:: EXTRACTED MATERIAL ::
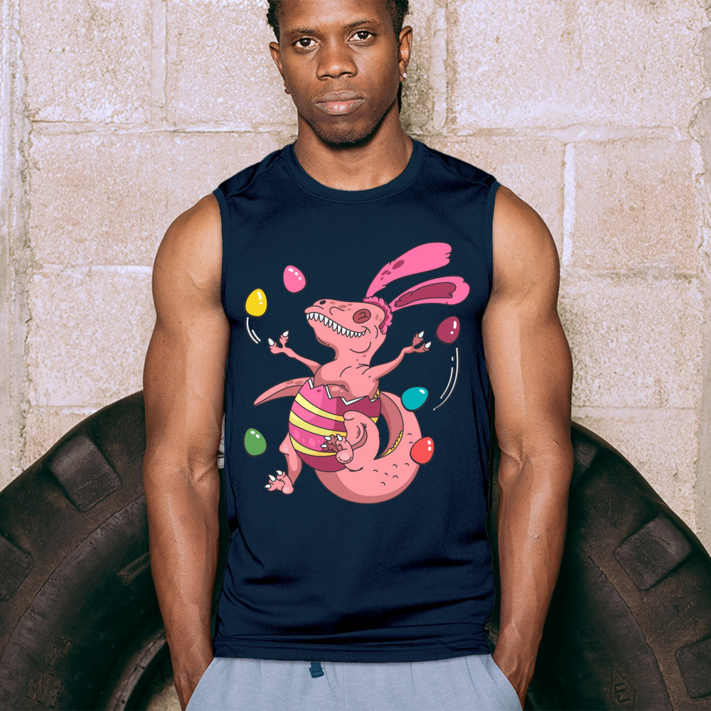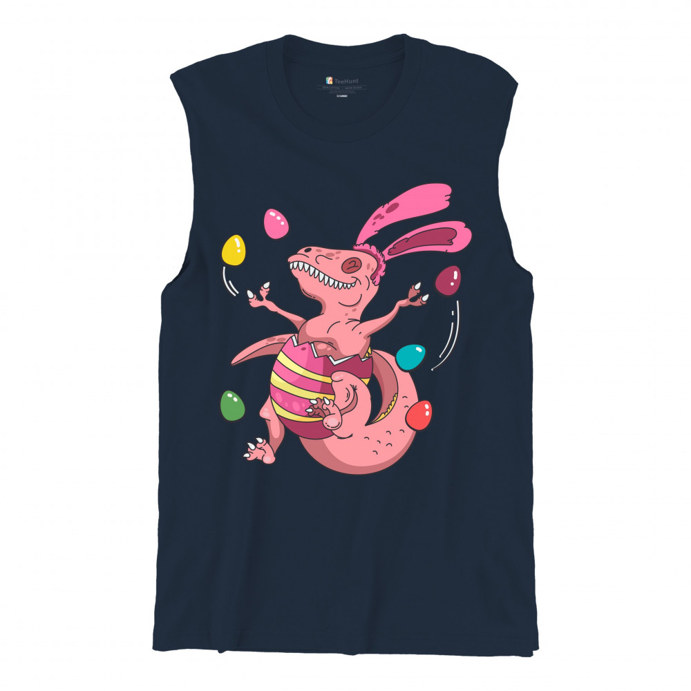 EASTER EGG T-REX muscle shirt happy easter bunny dinosaur egg hunt men's navy blue
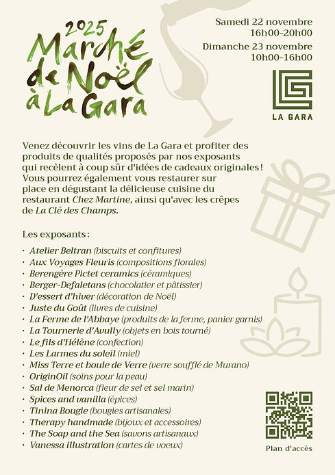 Nous avons le plaisir de vous inviter au Marché de Noël de la Gara!
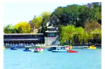 昨天時逢清明節(jié)小長假,北海公園內(nèi)游人挺多。整整一上午,太液池水面風(fēng)平浪靜。游船碼頭售票處窗口外,貼著今日溫度、風(fēng)向、風(fēng)力等信息,一切毫無異常。下午1點(diǎn)45分,水面上突然來了一陣“怪風(fēng)”,讓不少游客大驚失色。
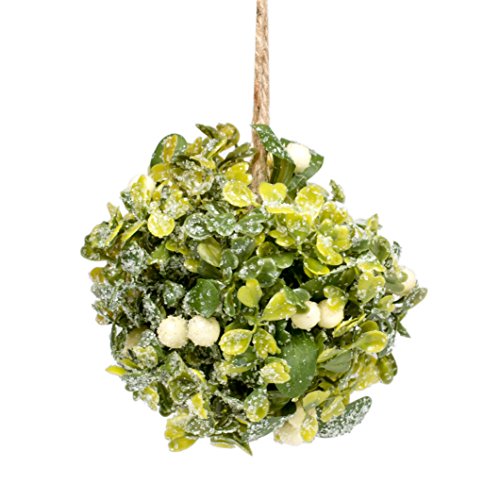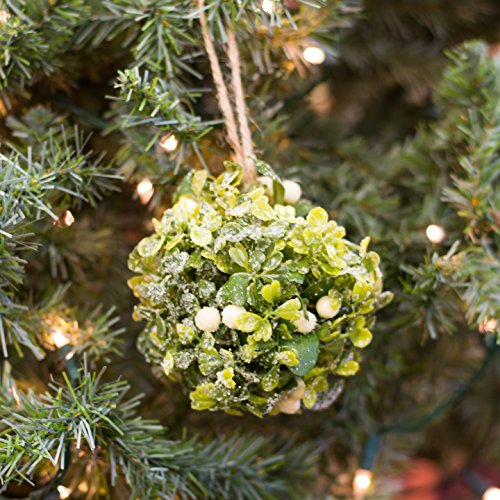 Boxwood Like Greenery and Berries 4 inch Round Christmas Mistletoe Ornament
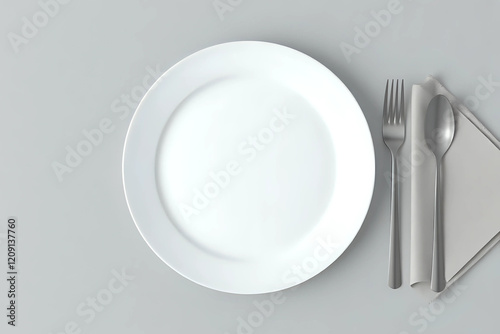 Empty menu, plate, cutlery and napkin on light grey table, top view. Mockup for design
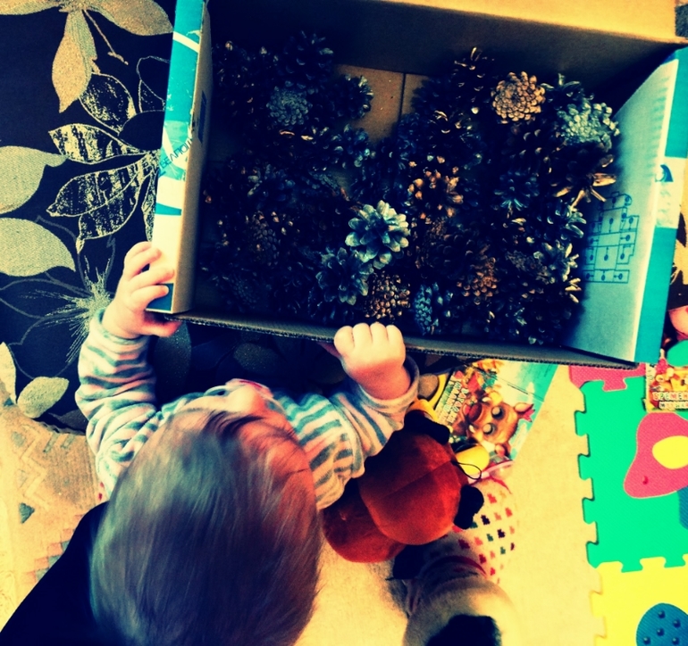 София принимала непосредственное участие!Коробка с шишками впечатлила её больше,чем ёлка)
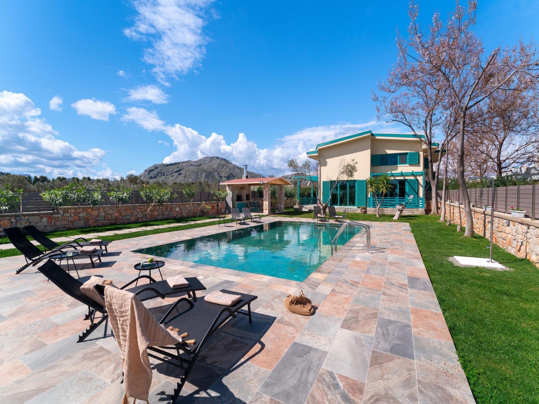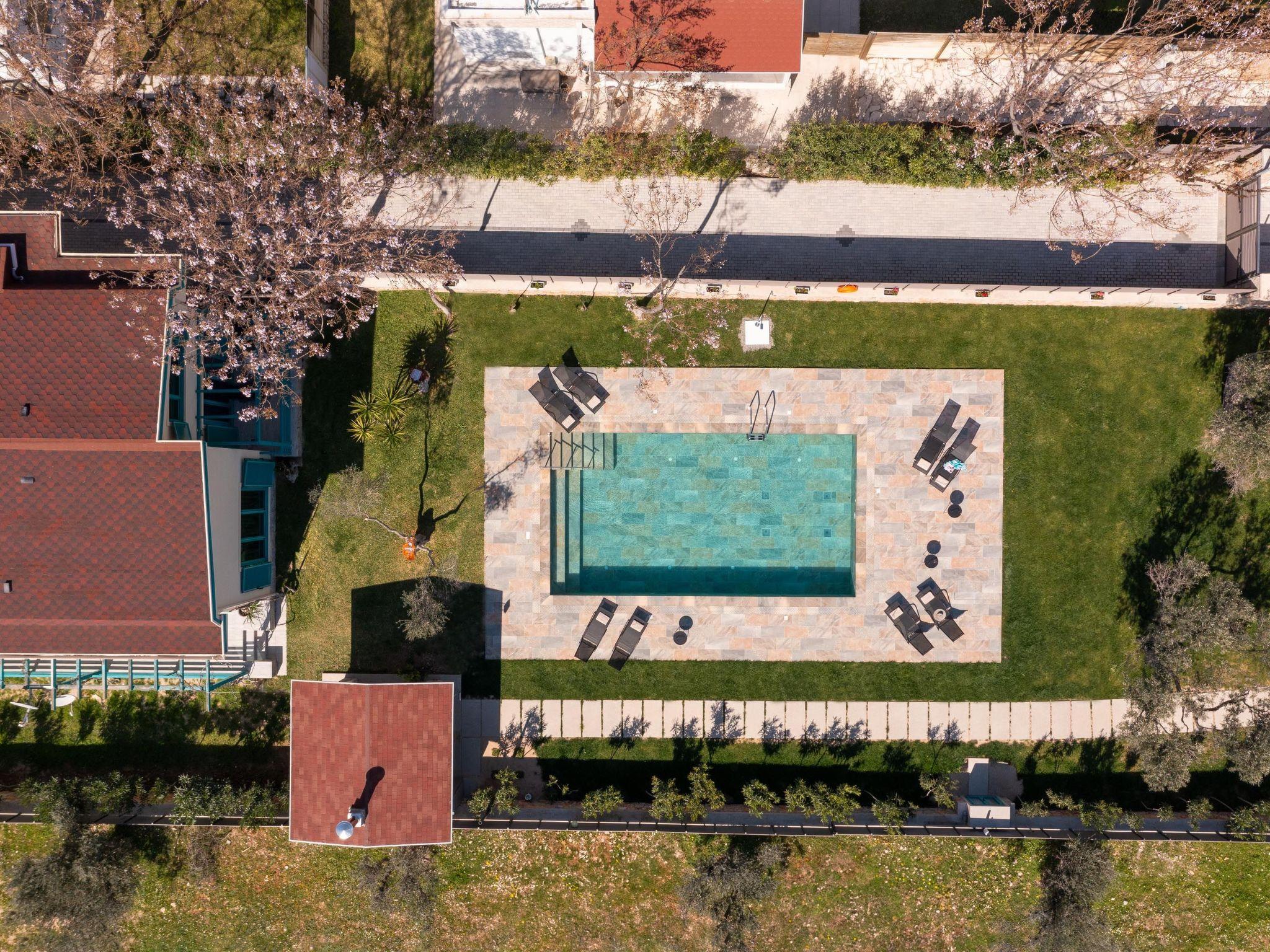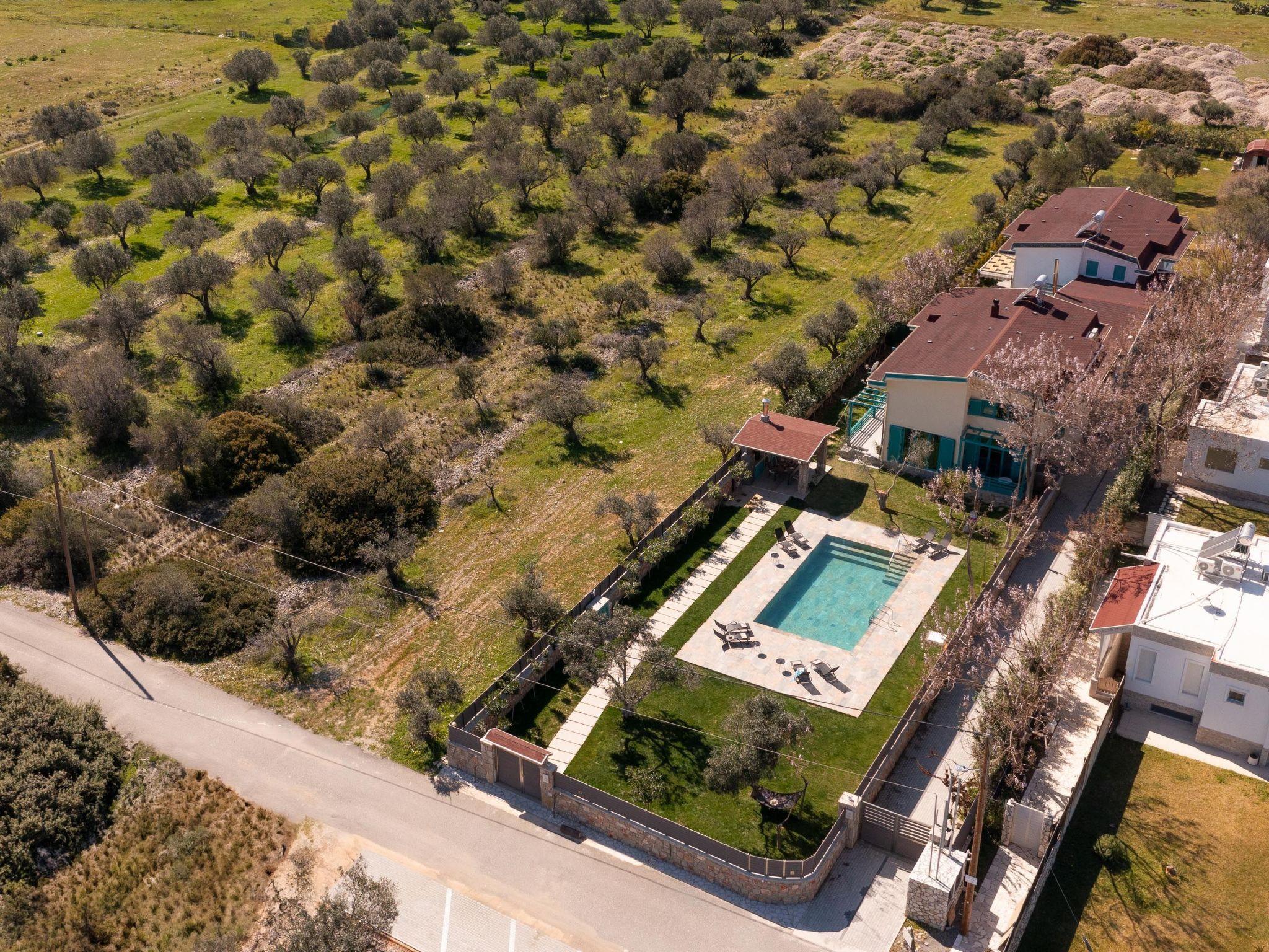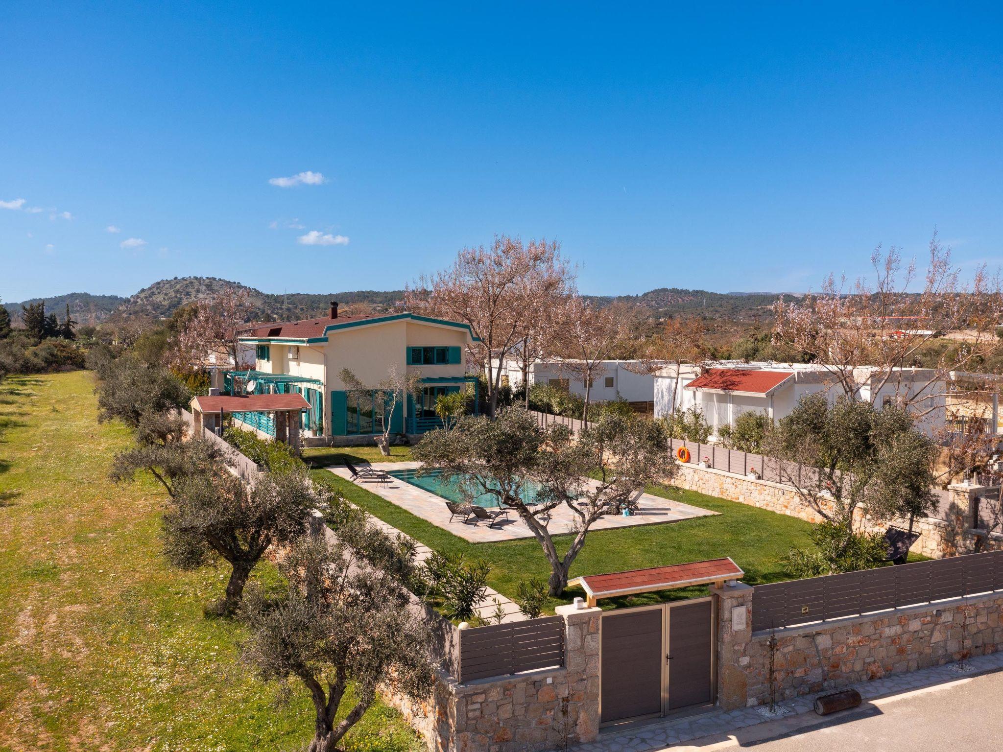 Throughout centuries, the people of Rhodes have used various types of stone to construct their towns, temples. Villa Terra stands as a testament to the craftsmanship and artistry of master stonemasons (?????t?st??), meticulously hand-carving each stone of the fence to preserve the distinctive nuances of the local terrain. The turquoise essence of the Aegean breeze woven into the windows and shutters. Spacious patio, lush green surroundings, a dedicated BBQ area equipped with TV and all the essentials invite guests to leisurely gatherings. Dive into the refreshing embrace of the spacious swimming pool, complete with amenities for both relaxation and recreation, including a counter-current feature and a Jacuzzi section. Inside, Villa Terra exudes a sense of balance and harmony. Natural wooden parquet, marble fireplace, onyx accents and a graceful oak staircase adorn the floors, leading to three elegantly appointed bedrooms with en-suite bathrooms. King-size beds on the upper floor and singles on the lower floor offer comfortable accommodations for up to six guests. With provision for additional 2 beds and 2 baby cots upon request, ensuring comfortable accommodations for larger groups or families. Each room is equipped with air conditioning, guaranteeing optimal comfort throughout your stay. The ground floor features a dedicated toilet and a fully equipped laundry room, complete with ironing facilities for added convenience. An airy open-plan living room seamlessly transitions into a sleek Scavolini kitchen, boasting contemporary appliances and generous counter space. A central island invites casual dining or an afternoon drink on the bar stools, leather sofas and armchairs invite relaxation. A private garage within the villa premises accommodates two cars, with extra parking available outside.
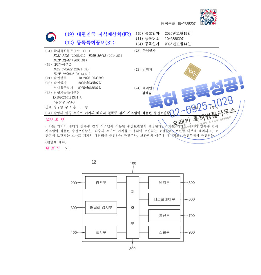 유레카 특허 등록 성공사례 II ARC 시험, 배터리랙, ESS 특허 출원 “스마트 기기의 배터리 열폭주 감시 시스템이 적용된 충전보관함” 특허권 등록

:: WORK ITEM ::
Nothing but the lines from the first line of the listing above to the line containing "София принимала непосредственное" should appear in the answer, each one exact and with no pictures.

:: RESULT ::
 EASTER EGG T-REX muscle shirt happy easter bunny dinosaur egg hunt men's navy blue
 Nous avons le plaisir de vous inviter au Marché de Noël de la Gara!
 昨天時逢清明節(jié)小長假,北海公園內(nèi)游人挺多。整整一上午,太液池水面風(fēng)平浪靜。游船碼頭售票處窗口外,貼著今日溫度、風(fēng)向、風(fēng)力等信息,一切毫無異常。下午1點(diǎn)45分,水面上突然來了一陣“怪風(fēng)”,讓不少游客大驚失色。
 Boxwood Like Greenery and Berries 4 inch Round Christmas Mistletoe Ornament
 Empty menu, plate, cutlery and napkin on light grey table, top view. Mockup for design
 София принимала непосредственное участие!Коробка с шишками впечатлила её больше,чем ёлка)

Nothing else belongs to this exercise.